**Your objective**
No pictures go into the output, which should consist only of the lines from the first line of the data through the line with "comprend : écureuil", copied exactly.

[Collection entries]
################

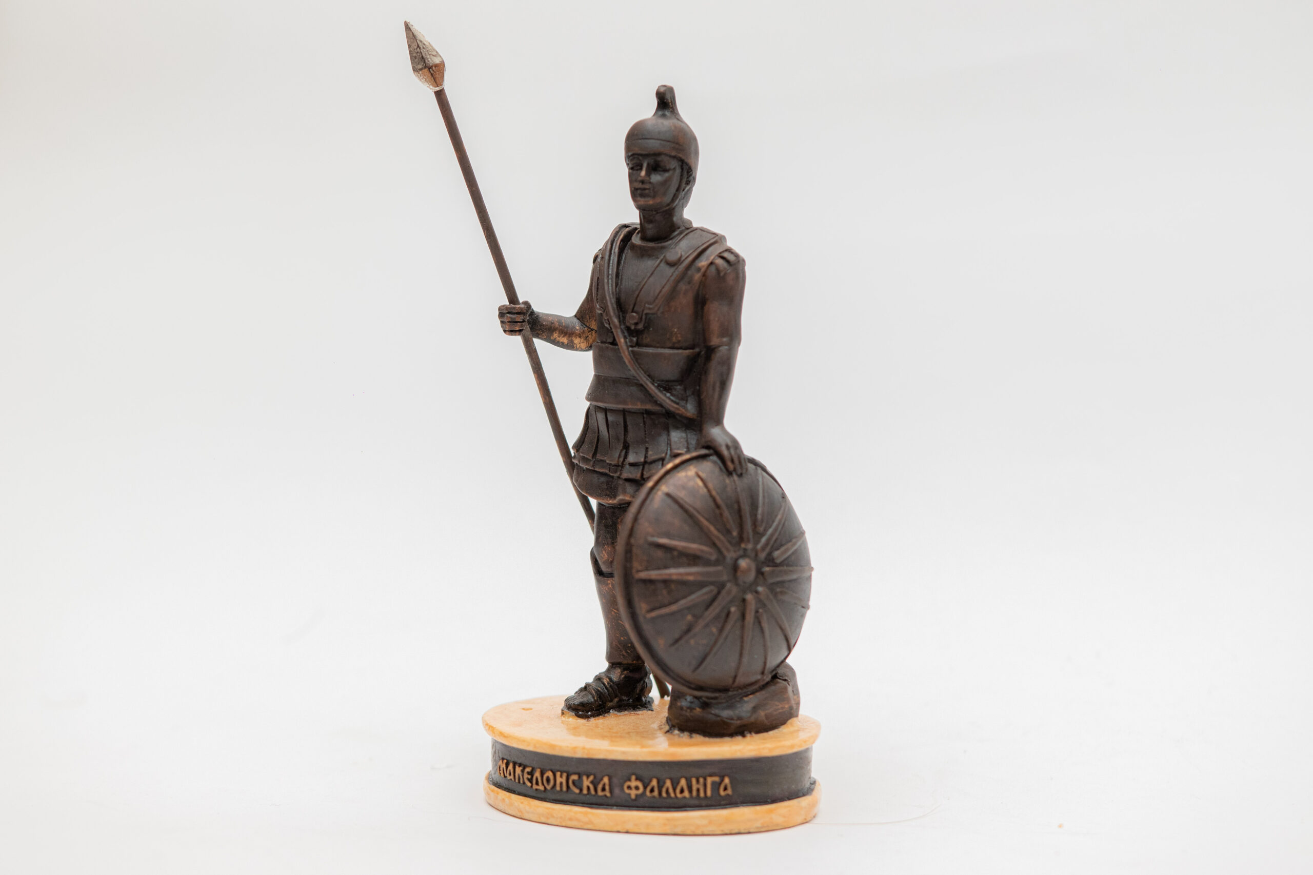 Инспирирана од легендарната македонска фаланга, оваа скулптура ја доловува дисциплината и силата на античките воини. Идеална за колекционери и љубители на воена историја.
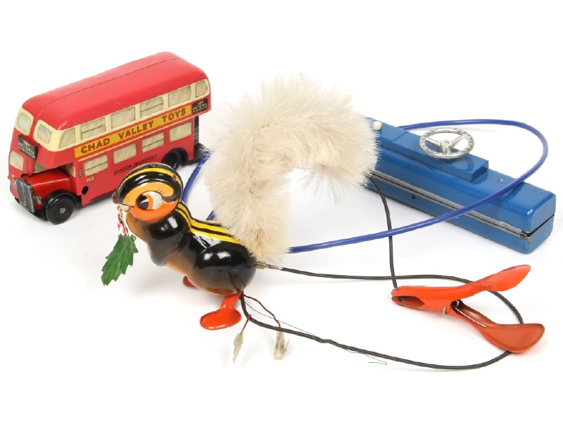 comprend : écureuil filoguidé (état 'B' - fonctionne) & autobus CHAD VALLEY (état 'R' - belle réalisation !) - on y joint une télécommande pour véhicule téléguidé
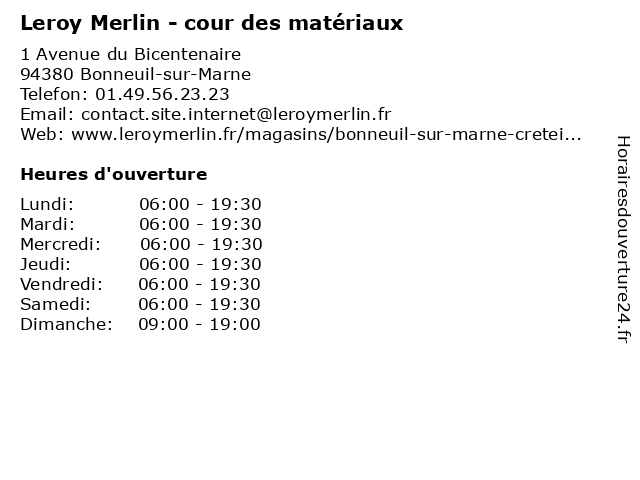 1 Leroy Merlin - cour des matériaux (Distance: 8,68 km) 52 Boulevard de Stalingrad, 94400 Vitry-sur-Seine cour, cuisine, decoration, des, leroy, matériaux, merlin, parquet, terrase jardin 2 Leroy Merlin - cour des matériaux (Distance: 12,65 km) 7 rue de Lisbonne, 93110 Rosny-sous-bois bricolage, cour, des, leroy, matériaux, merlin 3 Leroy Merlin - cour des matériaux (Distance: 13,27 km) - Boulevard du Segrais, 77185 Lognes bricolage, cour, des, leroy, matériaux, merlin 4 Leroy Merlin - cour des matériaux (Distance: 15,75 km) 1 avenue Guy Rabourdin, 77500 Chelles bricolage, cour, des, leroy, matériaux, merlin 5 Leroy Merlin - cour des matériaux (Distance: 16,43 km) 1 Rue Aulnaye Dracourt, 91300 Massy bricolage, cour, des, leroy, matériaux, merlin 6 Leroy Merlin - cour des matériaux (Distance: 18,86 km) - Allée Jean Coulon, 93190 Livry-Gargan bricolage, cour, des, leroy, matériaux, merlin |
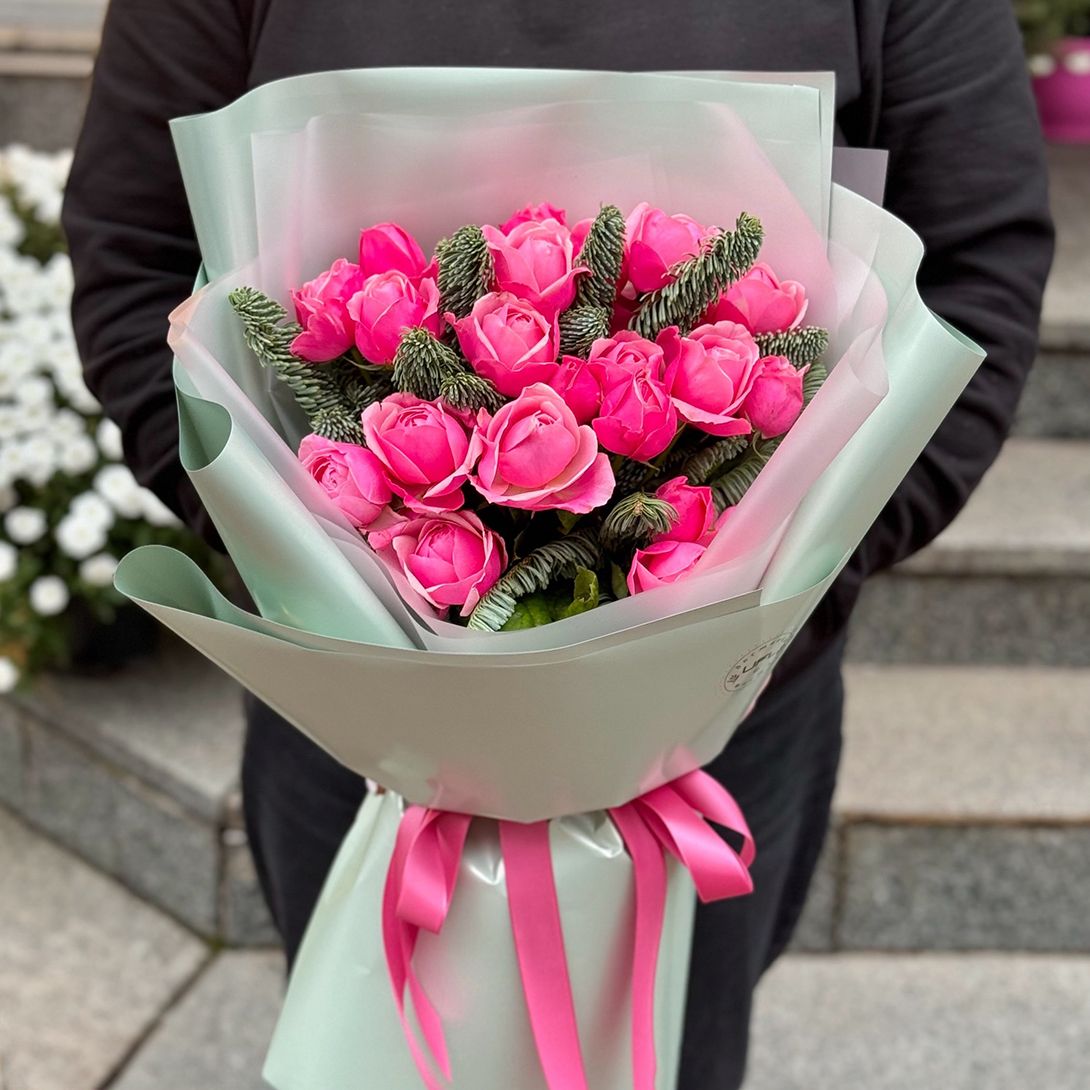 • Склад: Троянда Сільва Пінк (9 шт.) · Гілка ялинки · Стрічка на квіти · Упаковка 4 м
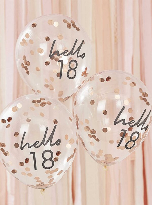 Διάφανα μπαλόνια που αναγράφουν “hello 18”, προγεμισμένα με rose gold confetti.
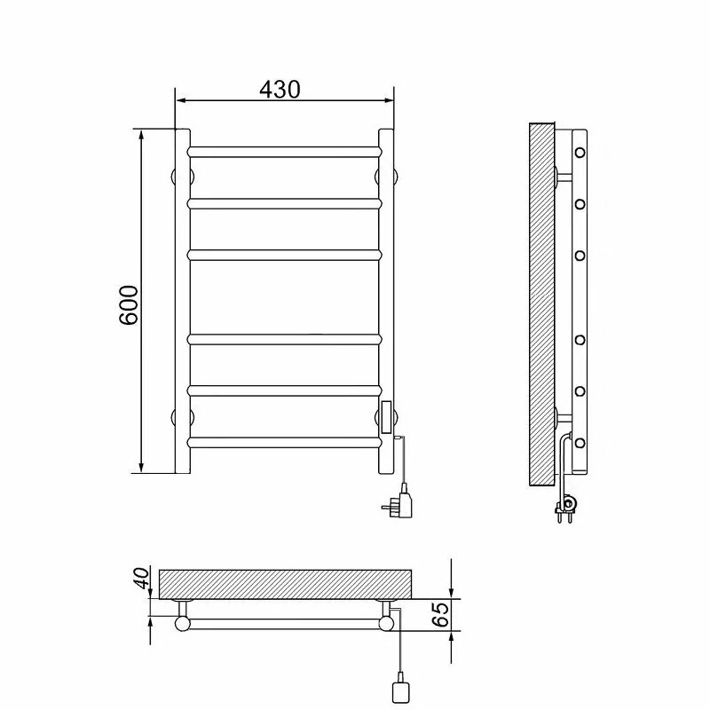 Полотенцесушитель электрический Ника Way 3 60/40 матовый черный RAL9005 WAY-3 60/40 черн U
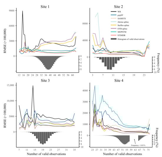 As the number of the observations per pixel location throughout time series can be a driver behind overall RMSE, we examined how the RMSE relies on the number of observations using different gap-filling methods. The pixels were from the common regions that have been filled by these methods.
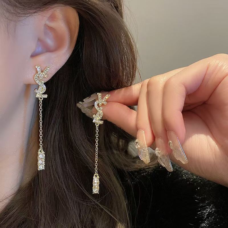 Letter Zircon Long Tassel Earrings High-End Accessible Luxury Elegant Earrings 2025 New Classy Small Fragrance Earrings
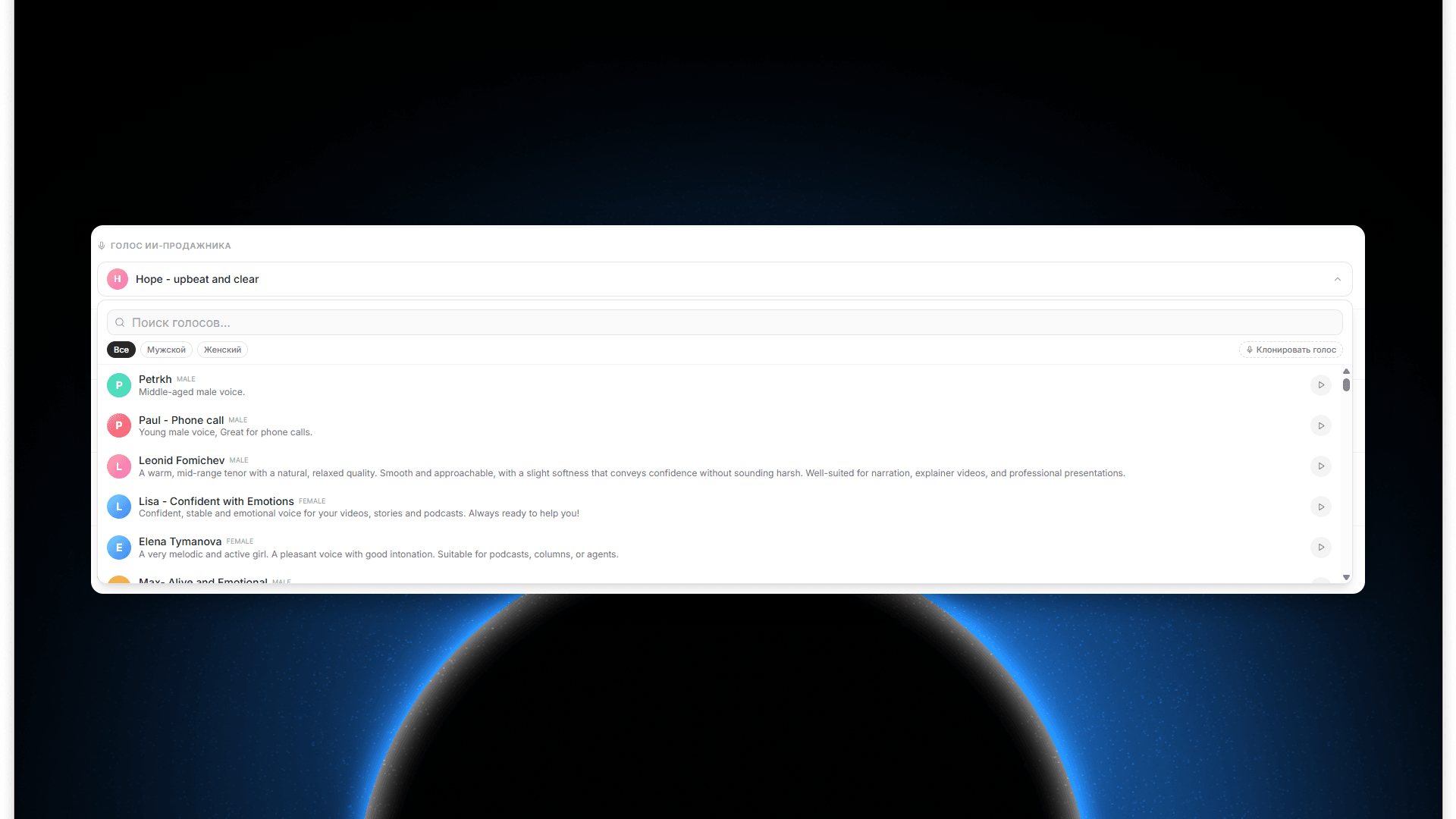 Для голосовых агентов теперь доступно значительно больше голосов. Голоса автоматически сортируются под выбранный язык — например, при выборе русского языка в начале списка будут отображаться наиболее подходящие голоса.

################

**Final answer**
 Инспирирана од легендарната македонска фаланга, оваа скулптура ја доловува дисциплината и силата на античките воини. Идеална за колекционери и љубители на воена историја.
 comprend : écureuil filoguidé (état 'B' - fonctionne) & autobus CHAD VALLEY (état 'R' - belle réalisation !) - on y joint une télécommande pour véhicule téléguidé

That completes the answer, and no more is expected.